INFORMATION PROVIDED -
=== Begin Enclosure ===
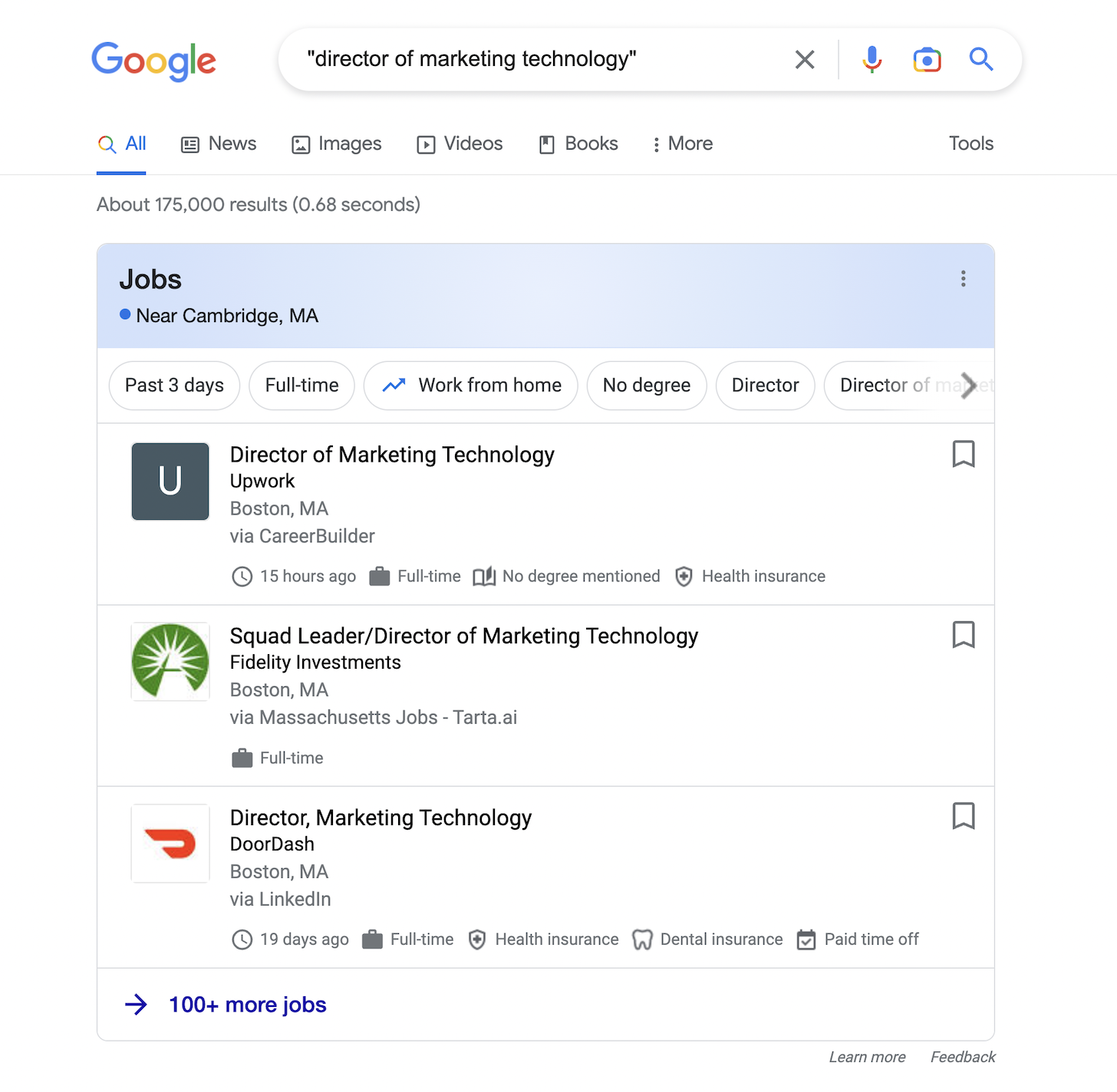 Today, that search generates 175,000 results, including a bunch of great job opportunities:
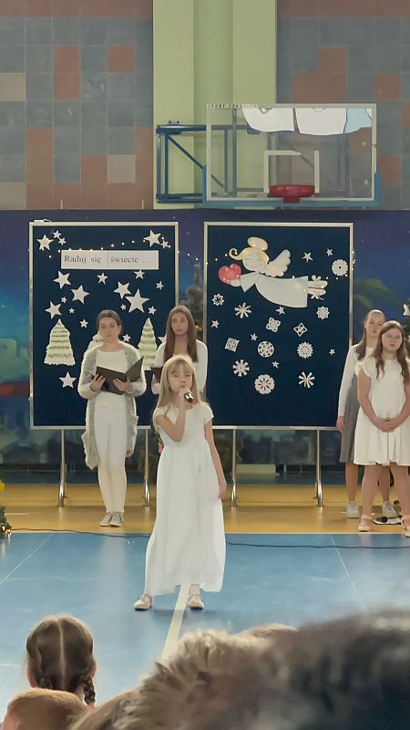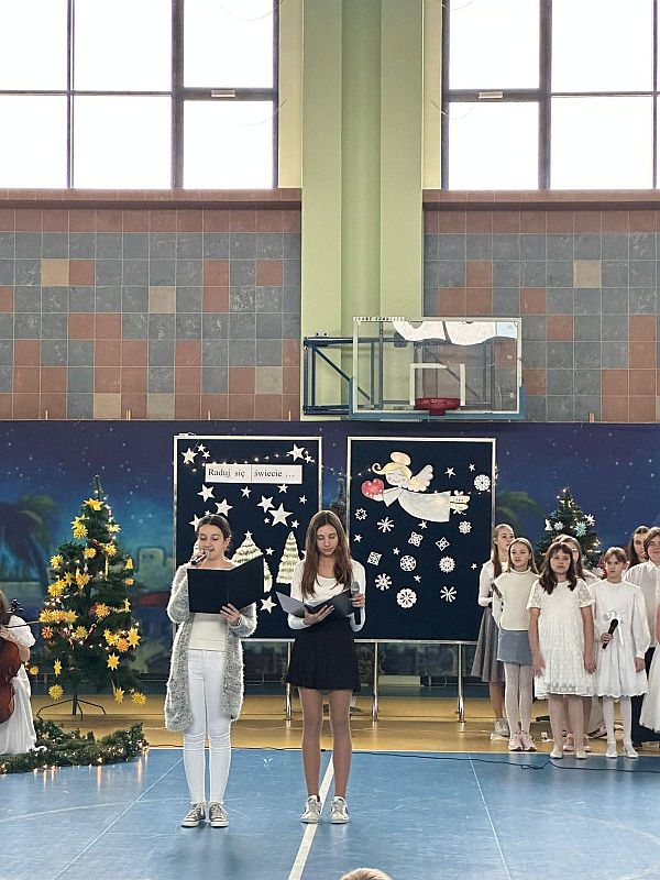 Spiewanie i granie kolęd to jeden z najpiękniejszych zwyczajów związanych ze świętami Bożego Narodzenia, a te z obchodami wydarzeń przyjścia na świat Syna Bożego Jezusa Chrystusa. Kolędowanie zbliża ludzi, buduje między nimi więzi i daje uczucie bliskości. Kolędy zaś przepełnione są ciepłem, dobrem i miłością. Tym wszystkim, czego nam tak często brakuje. Nastrajają nas też optymistycznie - tymi słowami prowadzące koncert „ Raduj się świecie, spotkanie z muzyką , tańcem i słowem” zaprosiły do wysłuchania tego niezwykłego dzieła muzycznego, recytatorskiego i tanecznego.
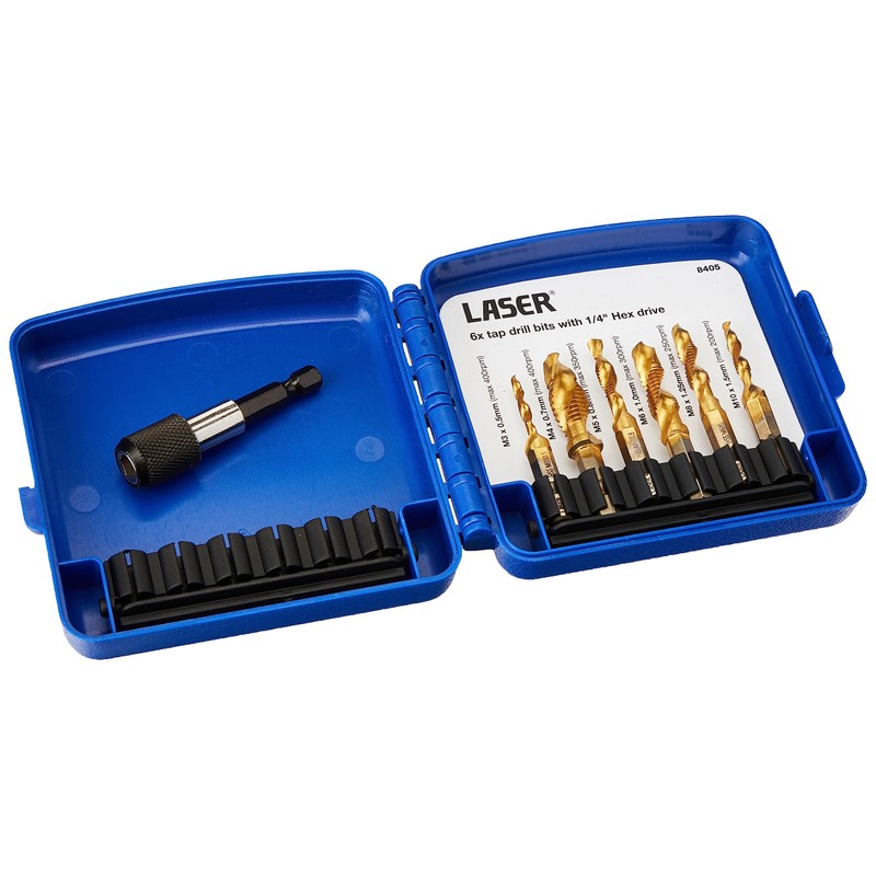 - 6x tap drill bits with 1/4" Hex drive: M3 x 0.5 (max 400rpm), M4 x 0.7 (max 400rpm), M5 x 0.8 (max 350rpm), M6 x 1.0 (max 300rpm), M8 x 1.25 (max 250rpm) and M10 x 1.5mm (max 200rpm). NOTE: The max rpm is a guide for use on wood and plastic only.
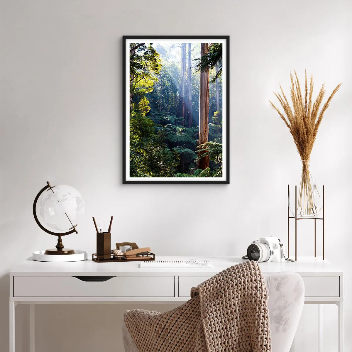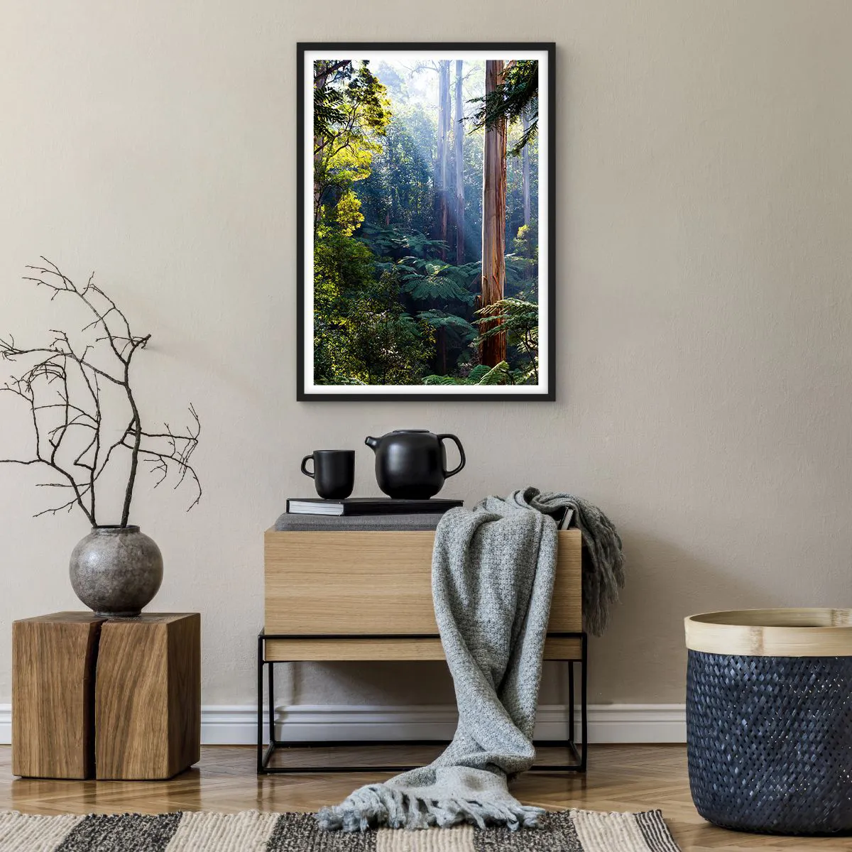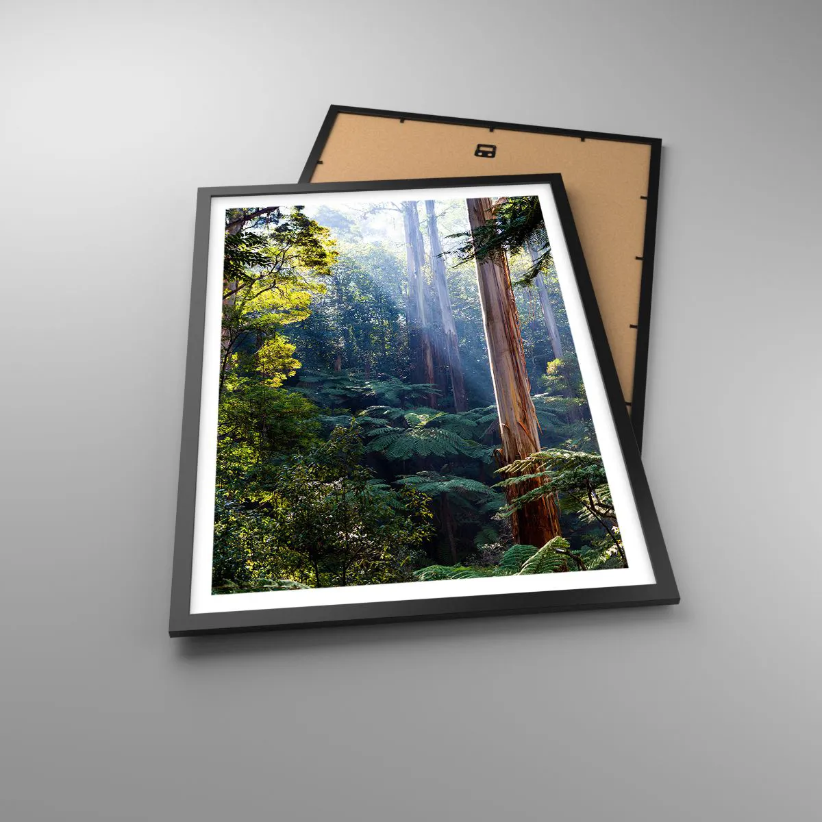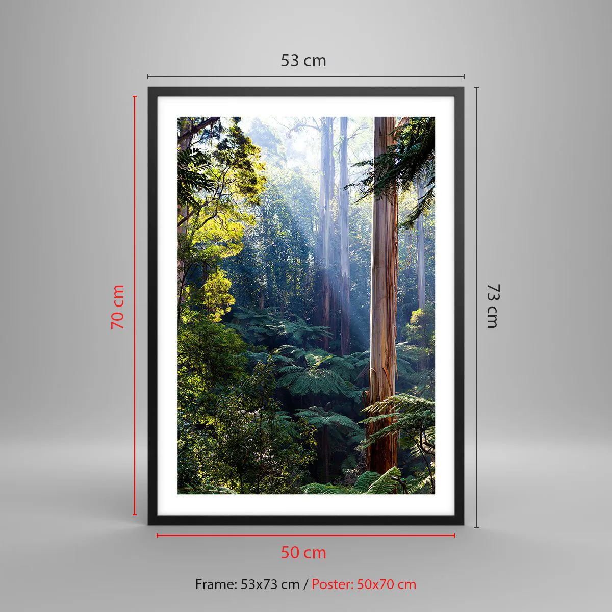 Plakat i sort ramme - Tropisk regnskov oplyst af sollys - 50x70cm - En fortælling om skoven - Moderne vægdekoration til stue og soveværelse ARTTOR
=== End Enclosure ===
THE TASK - Give back exactly the lines from the line with "- 6x tap drill" through the end of the material above, inclusive, with no pictures.

OUTPUT FOR THIS EXERCISE -
 - 6x tap drill bits with 1/4" Hex drive: M3 x 0.5 (max 400rpm), M4 x 0.7 (max 400rpm), M5 x 0.8 (max 350rpm), M6 x 1.0 (max 300rpm), M8 x 1.25 (max 250rpm) and M10 x 1.5mm (max 200rpm). NOTE: The max rpm is a guide for use on wood and plastic only.
 Plakat i sort ramme - Tropisk regnskov oplyst af sollys - 50x70cm - En fortælling om skoven - Moderne vægdekoration til stue og soveværelse ARTTOR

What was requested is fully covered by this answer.